# Got copies of labs--but what do they mean?



## hashimotocoaster (Mar 22, 2013)

So, I finally got copies of my labs. Some of the numbers I'd posted before were slightly inaccurate (recalled from memory or written down wrong when they told me over the phone, I guess). I'm acutely aware of what my TSH should be and what it means (!) and I know my antibodies were high, but I'm a little unclear on the others. If anyone would like to glance over them and give me their impressions, I'd really (really!) appreciate it.

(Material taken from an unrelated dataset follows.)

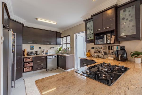 The landscaped garden is thoughtfully curated, featuring neat, low-maintenance greenery and trimmed plants that frame the home beautifully. A private courtyard and entertainment-ready braai area lead off the living space, enhancing the indoor-outdoor flow. A double garage offers direct access into the home, with secure parking for additional vehicles. The open-plan dining area flows seamlessly into the lounge, which opens onto a peaceful garden through sliding doors. An enclosed patio off the lounge adds further relaxation space, ideal for enjoying Durbans coastal climate.

The labs from 2011 were before I had my thyroid tested. I was seeing the doctor because I was having stomach pain (which has vanished since I started Synthroid!).

10/7/2011:

Neutro: 75.2 (42-75) High
Lymph: 16.2 (21-51) Low
Mono: 7.2 (2-13)
Eos: 1.3 (1-10)
Baso: 0.1 (0-2)

Absolute Lymph: 0.8 (1.0-5.0) High

Glucose: 100 (70-99) High

8/21/2012:

TSH: 4.948 (0.55-4.78) High

Late Semptember (labs from ER I don't have in front of me):

TSH: 7.8

10/4/2012 (had no idea they did T3 & T4!):

TSH: 3.973
Thyroxine: 6.9 (4.5-12.0)
Triiodothyronine: 78 (60-170)

Neutro: 66.3
Lymph: 23.3
Mono: 8.4
Eos: 1.7
Baso: 0.1

10/11/2012:

EBV Anitbodies, Chronic Active
EBV Ab to Viral Capsid Ag IgG: 3.67 High
EBV Ab to Early Antigen IgG: 1.14 High
EBV Ab to Nuclear Antigen IgG: 2.14 High
(<=0.90 negative)
(for some reason there are three results for these tests, but they're all similar)

Neutro: 74.2
Lymph: 16.5 Low
Mono: 7.3
Eos: 1.4
Baso: 0.3

10/23/2012:

TPO Ab: 109.0 High (<35)

12/13/2012:

TSH: 2.514

2/14/13:

TSH: 0.115 Low
Thyroxine (free): 1.47 (0.65-1.52)

RBC Folate: 703 (>366)

Ferritin: 15.9 (13-150) (???)
Iron: 68 (26-164)
Iron binding capacity unsaturated: 252 (162-406)
Iron binding capacity, total: 320 (259-492)
Transferrin Saturation %: 21 (8.9-40.5)

Neutro: 72.0
Lymph: 18.2 Low
Mono: 8.1
Eos: 1.3
Baso: 0.2

3/21/13:

TSH: 0.165

There's other stuff, but I feel like this is the most significant information. I already know my thyroid is nuts, but I'm mainly worried about the lymphocytes being low most of the time. I'm not an expert on ferritin but mine was low-normal and I'm not sure what that means, either. Any ideas appreciated!


----------



## Lovlkn (Dec 20, 2009)

I've cut and pasted the labs that I want to comment on.


> 8/21/2012:
> 
> TSH: 4.948 (0.55-4.78) High
> 
> ...


You should supplement with iron. It's cheap, buy something OTC

Hmmm, your TSH went hyper.

Next test needs to be TSI to determine what is happening.

Have you had a TSI?

Are you on any medication?


----------



## hashimotocoaster (Mar 22, 2013)

Lovlkn said:


> I've cut and pasted the labs that I want to comment on.
> 
> You should supplement with iron. It's cheap, buy something OTC
> 
> ...


Thanks for your reply! I'll get some iron. I'm on Synthroid 25mcg. I was on 75mcg when my TSH was 0.115, and on 50mcg when it was 0.165. Not sure if I was on too much or if my thyroid just freaked out.

I haven't had a TSI. Off meds, I was hypo, so I guess they didn't see a point in checking it.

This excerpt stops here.